*WORK TO COMPLETE*.
Print exactly the first lines of the records. Stop after the line containing "18K Gold Dipped", and leave every picture out.

**** DATA TO EXAMINE

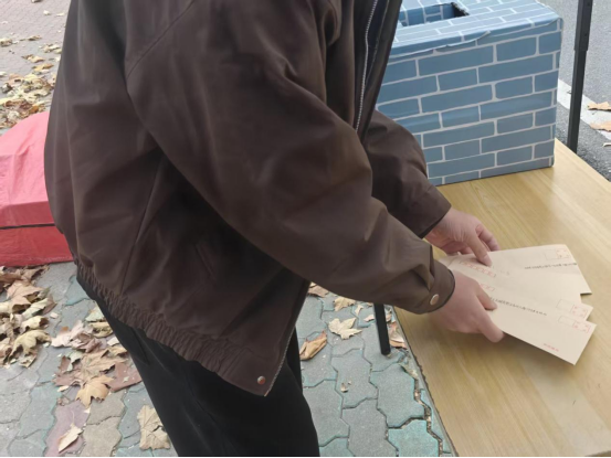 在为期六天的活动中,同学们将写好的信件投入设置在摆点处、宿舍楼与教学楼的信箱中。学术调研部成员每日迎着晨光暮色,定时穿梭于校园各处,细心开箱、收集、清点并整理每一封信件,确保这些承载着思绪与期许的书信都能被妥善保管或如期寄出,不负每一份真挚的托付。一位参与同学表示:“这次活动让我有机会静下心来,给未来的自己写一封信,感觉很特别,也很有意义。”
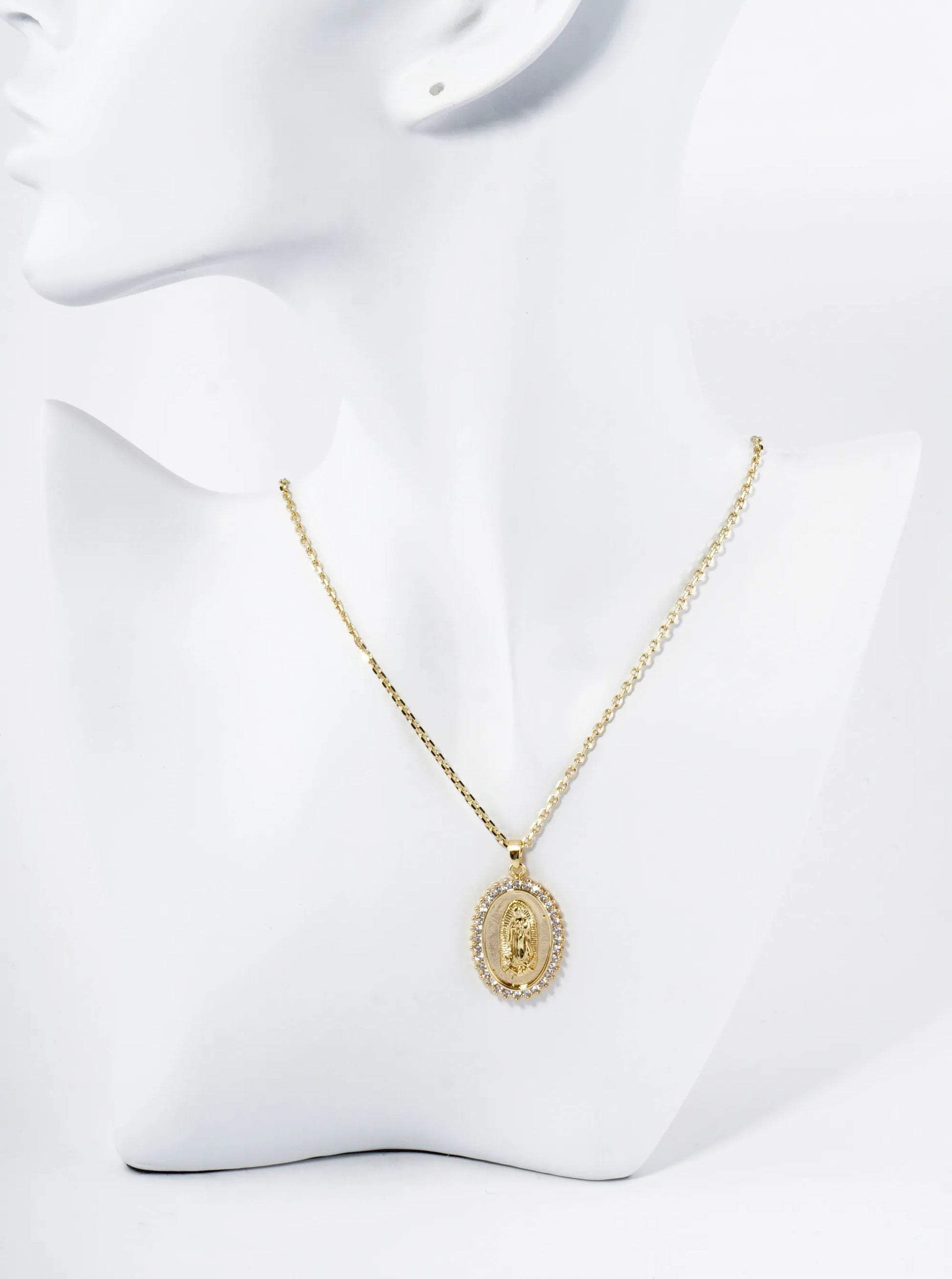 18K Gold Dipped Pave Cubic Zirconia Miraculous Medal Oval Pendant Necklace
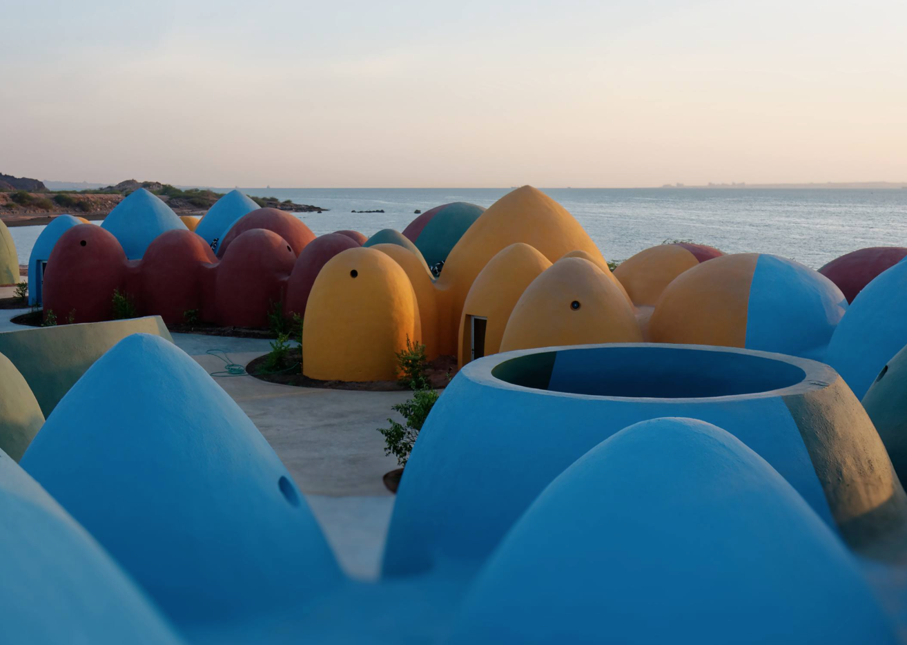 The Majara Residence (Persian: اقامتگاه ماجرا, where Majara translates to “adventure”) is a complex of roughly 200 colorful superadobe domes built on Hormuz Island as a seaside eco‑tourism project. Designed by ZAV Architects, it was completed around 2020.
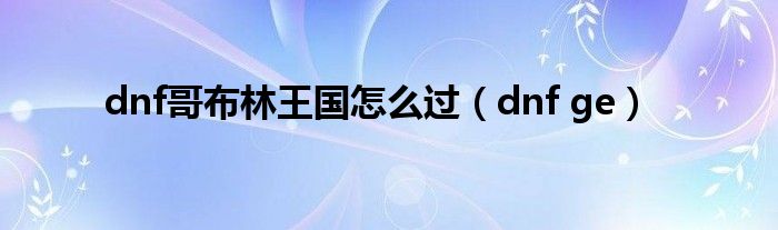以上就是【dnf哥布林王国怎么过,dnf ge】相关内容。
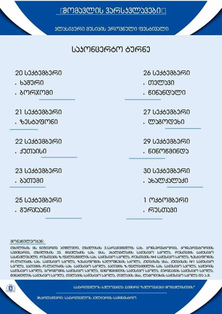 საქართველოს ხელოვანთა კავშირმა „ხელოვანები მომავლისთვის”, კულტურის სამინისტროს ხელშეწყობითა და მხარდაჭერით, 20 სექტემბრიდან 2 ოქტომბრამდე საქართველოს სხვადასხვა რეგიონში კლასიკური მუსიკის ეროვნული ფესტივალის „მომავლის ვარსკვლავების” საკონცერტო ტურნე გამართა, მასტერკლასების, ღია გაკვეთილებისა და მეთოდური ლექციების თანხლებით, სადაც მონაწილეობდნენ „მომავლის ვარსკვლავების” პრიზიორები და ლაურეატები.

********

*ANSWER FOR THIS EXERCISE*.
 在为期六天的活动中,同学们将写好的信件投入设置在摆点处、宿舍楼与教学楼的信箱中。学术调研部成员每日迎着晨光暮色,定时穿梭于校园各处,细心开箱、收集、清点并整理每一封信件,确保这些承载着思绪与期许的书信都能被妥善保管或如期寄出,不负每一份真挚的托付。一位参与同学表示:“这次活动让我有机会静下心来,给未来的自己写一封信,感觉很特别,也很有意义。”
 18K Gold Dipped Pave Cubic Zirconia Miraculous Medal Oval Pendant Necklace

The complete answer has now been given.